▶ [PROMPT] Everything in the listing except the pictures should be written out exactly.

▶ [AVAILABLE DATA]
▼

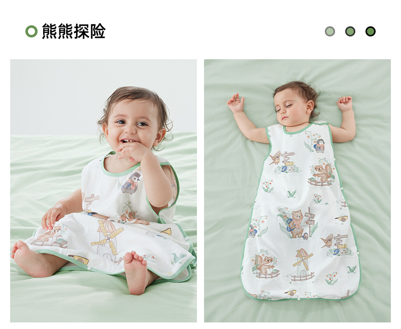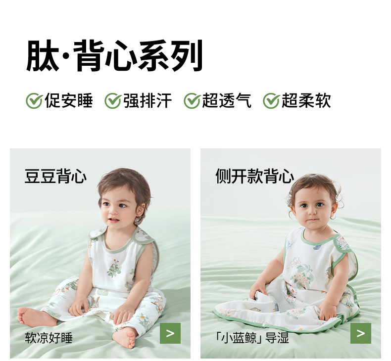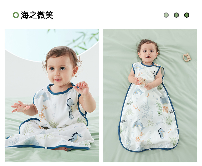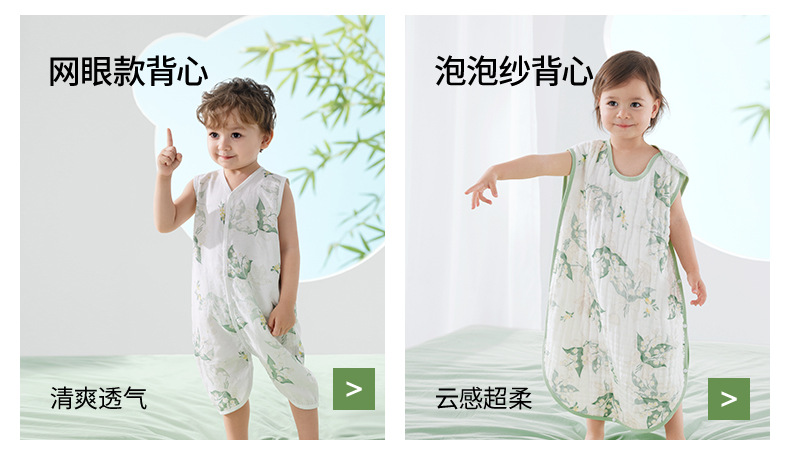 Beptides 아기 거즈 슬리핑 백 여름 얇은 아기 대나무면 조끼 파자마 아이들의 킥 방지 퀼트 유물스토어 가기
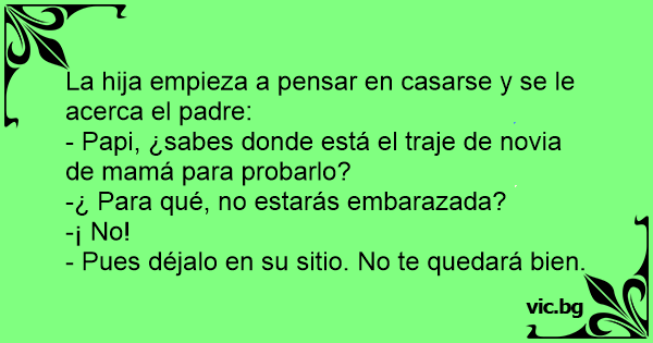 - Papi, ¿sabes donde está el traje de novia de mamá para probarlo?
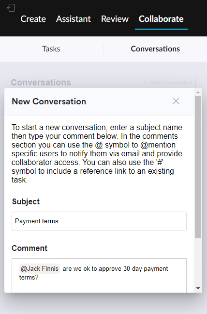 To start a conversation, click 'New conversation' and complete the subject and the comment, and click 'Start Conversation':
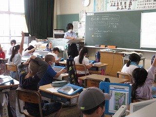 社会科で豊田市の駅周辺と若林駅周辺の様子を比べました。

▲

▶ [EXERCISE RESPONSE]
 Beptides 아기 거즈 슬리핑 백 여름 얇은 아기 대나무면 조끼 파자마 아이들의 킥 방지 퀼트 유물스토어 가기
 - Papi, ¿sabes donde está el traje de novia de mamá para probarlo?
 To start a conversation, click 'New conversation' and complete the subject and the comment, and click 'Start Conversation':
 社会科で豊田市の駅周辺と若林駅周辺の様子を比べました。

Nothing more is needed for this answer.